Taking a "step" with torch.optim object

This is an excerpt from the classic “Training a classifier” tutorial on PyTorch.org.

The loss function and optimizer are defined as below:

criterion = nn.CrossEntropyLoss()
optimizer = optim.SGD(net.parameters(), lr=0.001, momentum=0.9)

in order to evaluate loss and update gradients to take an optimization step like so:

outputs = net(inputs)
loss = criterion(outputs, labels)

Forgive the possibly stupid question but where is the link between the loss function and optimizer object? All that optimizer needs for initiation seems to be the parameters of net which simply has the definitions of the linear, activation, softmax etc. Where do we tell the optimizer that it is the gradient of the loss function w.r.t these parameters that guides the step? In other words, the parameters are there but not what we are taking the gradient of.

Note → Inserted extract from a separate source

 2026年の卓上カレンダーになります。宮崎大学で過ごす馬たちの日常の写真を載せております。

The gradients are calculated during the loss.backward() call.
You can try to print the gradients before and after this step using print(net.fc1.weight.grad).
Before the backward pass the gradients will be empty, after it you will see some values.
The optimizer just “knows” how to update the provided parameters using this gradient.
You can find more information in this beginner tutorial.

Thanks for info, but I have gone through the tutorial at a high level. It is exactly how the optimizer knows that I am asking about. So, we have a loss function with gradients on the variables that decide (along with step size/learning rate) what the next values of variables should be. It seems odd that the construct - torch.optim instance - that takes the step knows only about the parameters ( it looks that way from the statement “optimizer = …” ) and not the loss function. How does it pick up gradient values correctly? In other words, what if I had another loss function on the same set of parameters (for e.g., loss_2 = nn.NLLLoss(outputs, labels) where outputs and labels are as above)? How would it know which gradient to use to take the next “step”? One pictures a setup where the forward-backward construct (net), the loss function and the optimizer have to work in tandem and not seeing it.

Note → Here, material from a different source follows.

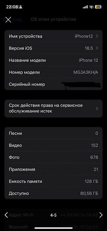 - Память: 128 ГБ (доступно около 80,56 ГБ на момент скриншота)

The loss function does not know the next values. It just calculates the current gradients for all necessary parameters.
The optimizer uses these gradients of the provided parameters to update the weights.
Some optimizers have a momentum term or other parameters for running averages. Have a look at e.g. Adam.
So indeed the optimizer only needs to know which Parameters to update and how to do it. The needed gradient has to be provided by the backward pass of your loss function.

The gradients are accumulated by default. So in your case both loss functions would calculate the gradients which are summed for each parameter. That is also the reason you have so zero out the gradient before the next backward pass (optimizer.zero_grad() in your training code).

Ok, that explains it, thx.